The 100th class of Guggenheim Fellows included nearly 200 distinguished individuals working across 53 disciplines. The grants let recipients pursue independent work at the highest level under “the freest possible conditions,” according to the Guggenheim Foundation.
There were approximately 3,500 applicants in this latest cycle, and honorees were selected for both prior career achievements and exceptional promise.
Past Guggenheim Fellows with ties to Pomona College include President G. Gabrielle Starr, Nobel Prize winner Jennifer Doudna ’85, former Professor of Art Sandeep Mukherjee and Mowry Baden ’58.
“A lot of my personal idols—not just in writing, but in music composition, the visual arts, writing and poetry and nonfiction—have been Guggenheim recipients,” Lethem says. “It’s a really special feeling to be gathered up into that company.”

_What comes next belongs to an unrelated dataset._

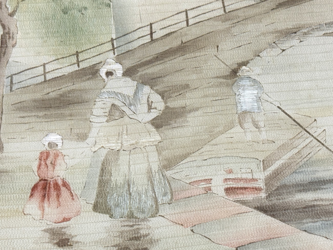 ネーデルラント地方の春の情景が豊かに表現された名古屋帯です。

The Guggenheim Fellowship will give Lethem the opportunity to revisit the backdrop of two of his finest works, Fortress of Solitude (2003) and Brooklyn Crime Novel (2023). With both novels set in 1970s-1990s Brooklyn, Lethem explores urban histories, gentrification, race and civil rights in America.
Released 20 years apart, Lethem says the novels represent two of the most important things he’s spent time on, and while he never envisioned writing a literary trilogy, this untitled Guggenheim project could culminate his legacy material as such.
“If this third book is worthy of the first two,” he says, “what I hope it will do is culminate a massive, very slow-motion trilogy written over a period of four decades.”
Lethem first applied to be a Guggenheim Fellow in his 30s, before he moved to Claremont and started teaching at Pomona College. He applied for the award at least two additional times to no success, though he did receive the prestigious MacArthur Fellowship in 2005.
While loathe to speculate on why the Guggenheim Foundation awarded him three decades after his first try, “Maybe they looked at me now and saw someone who not only can propose big things but has pulled some off,” he says.
As early as he is in the development process, Lethem can only say the Guggenheim project will be large thematically and emotionally, and perhaps the longest novel he’s ever written.
“What’s so marvelous about the Guggenheim support,” he says, “is it encourages me to stay in that pure relation where I’m not beholden to any external timetable but just the logic and necessities of the writing plan.”